19 Dec 2012
International High power Adaptable Laser beams of various types to be developed for materials processing.Gooch & Housego has announced the start of work on the HALO (High power Adaptable Laser beams for materials processing) technology transfer project. The project, inaugurated in September and funded as part of the EU FP7 program, will develop and apply research into laser welding technology with a view to improving both efficiencies and capabilities in this area.
The use of lasers in industry has grown hugely in the last five years however in order to be truly competitive in a global market, the European manufacturing sector needs more effective materials processing capability.
The HALO project will then look at how both CW and pulsed laser systems can improve efficiencies in welding, cutting sheet metal and glass (with thickness ranging from <1mm to 25mm). HALO aims to put in place the necessary elements to enable significant advances in lasers for material processing.
Optics.org interviewed Andrew Robertson, Gooch And Housego’s Senior VP, Business Technology & Development, who is coordinating the HALO R&D project.
Roberston commented, “In the HALO project G&H is the coordinator and we are leading a couple of the work programmes. The premise of the project is that different types of laser beam can do different jobs better, such as cutting and processing materials, whether the laser beam profiles are annular, Gaussian or top hat. A laser that can adapt its beam dependent on application is a more useful tool than one that cannot”.
”With ORC in Southampton, we are developing a new type of fiber laser and at our Torquay facility we are developing novel fused fiber components. For example, we plan to use photonic crystal fibers to develop components for pump beam conditioning and beam re-shaping. Such components should allow the laser beam to be adapted with minimal change to the laser cavity, enabling different types of beams to be emitted.”
G&H will also be developing components for adjustable beam diode pumped solid state lasers and will be working closely with Trumpf on this task.
Robertson added, "G&H specializes in the development and manufacture of high power, free-space components at our Ilminster [Somerset, UK]facility; critical in these systems will be the development of Q-switches that create energetic pulses for the adaptable beam lasers as well as components that will enable the switching between different beam shapes.

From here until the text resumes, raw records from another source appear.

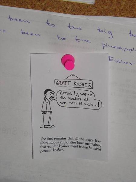 tak košer, že jediné, co podáváme je voda."/And a final bonus from our kitchen notice-board.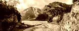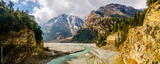 Panoramic view of the Kali Gandaki valley between Larjung and Kokhethanti villages in cloudy winter day. Annapurna circuit / Jomsom trek, Nepal.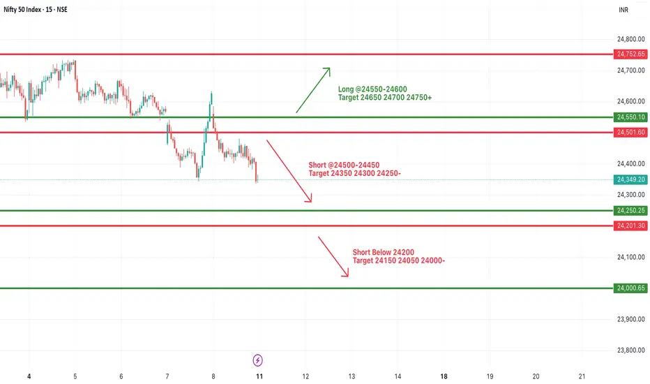On the downside, weakness could develop if the index trades below 24,500–24,450, which may lead to declines toward 24,350, 24,300, and 24,250-. A breakdown below 24,200 could further extend the fall toward 24,150, 24,050, and 24,000-. The 24,500 zone will act as a pivot, and traders should watch for price action confirmation before entering positions, keeping strict stop-losses in place and booking profits at targets.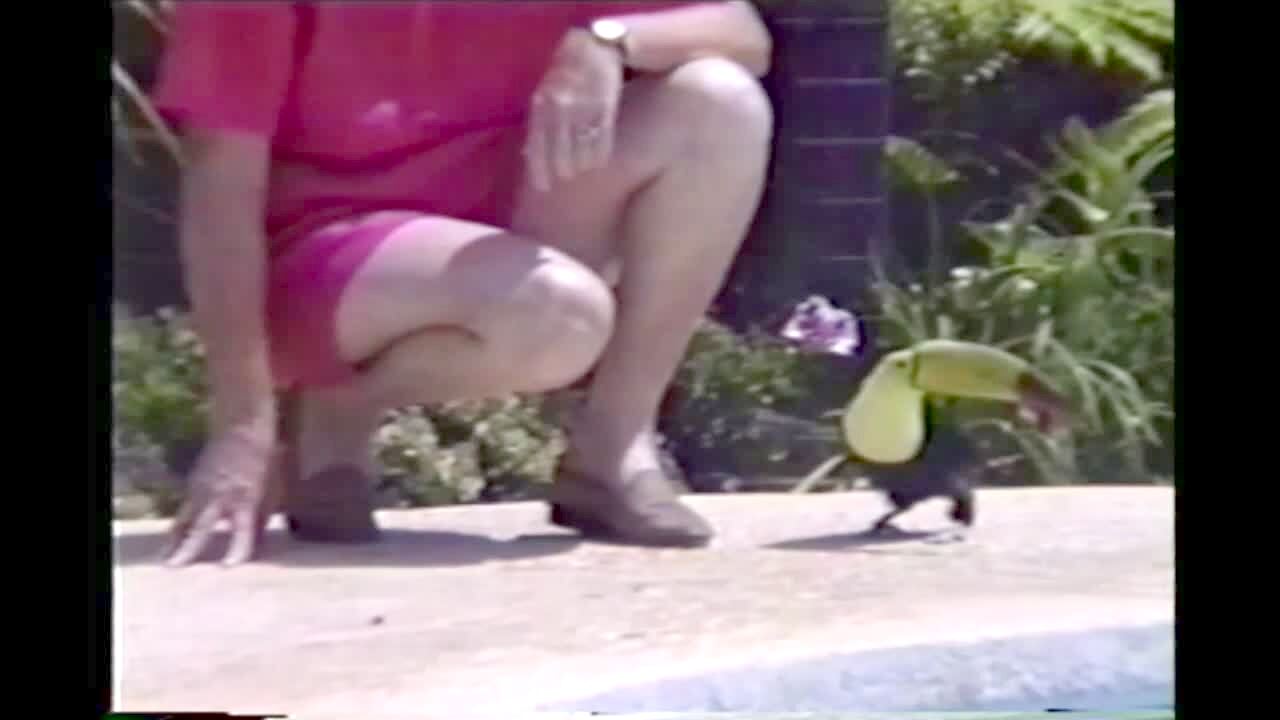 Toucan bird hops over to cameraman & starts attacking his feet, biting him with its beak. Backyard, pool, summer. Silly pet tricks.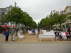 Pier forecourt with the protected sculpture of Vater und Sohn ("Father and Son")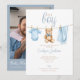 Diese süße Babyparty-Einladung zeigt eine hübsche blaue Babykleidungswäscheleine und kann mit Ihren Details in stilvoller Typografie personalisiert werden. Die Rückseite enthält Ihr besonderes Foto und einen QR-Code für die Geschenkeliste. Entworfen von Thisisnotme©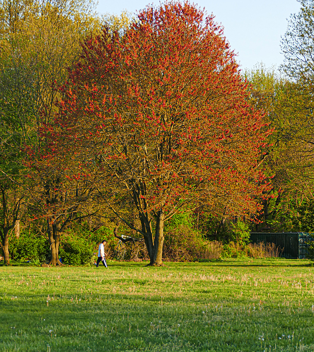 Per my app, a red maple. Nice color against the broader green of the grass and forest. This gentleman though probably isn't interested. He was practicing short iron shots and now is hunting for his golf balls.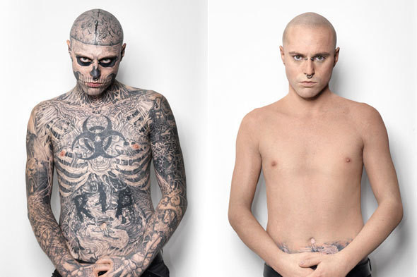 Самый татуированный человеком в мире — Лаки Даймонд Рич. Его тело целиком покрыто тату, в том числе и мочки , и внутри ушей,и кожа между пальцев, веки, рот.

"There are two key aspects to the project as a whole: developing the hardware to adapt and control the beam shape as described previously and the other aspect being the development of a ‘meta-model’ that determines which process goes best with which beam type.
"The development of a "meta model" will involve a combination of both the modelling and testing of laser processing with a variety of materials and processing requirements. The consortium will be investigating the cutting of brittle materials such as glass as well as sheet metals.
"This is a €5.7m project,” Roberston said. “It is part of the ‘Factories of the Future’ call from the EU, specifically focusing on agile manufacturing. The industrial partners are working with a matched funding model, so they put in some R&D funding with is matched by EU. Markets of interest are micro and macro machining. It could also be aimed at biomedical applications, or any other application where lasers are used. But the overall aim is to maintain the leading competitive position of European manufacturing."
Christoph Helmrath, European Commission Project Officer, addedd, "HALO is one of a number of initiatives funded by the European Union which aims to undertake world class photonics research into materials processing with the aim of increasing European manufacturing's competitiveness in a global market."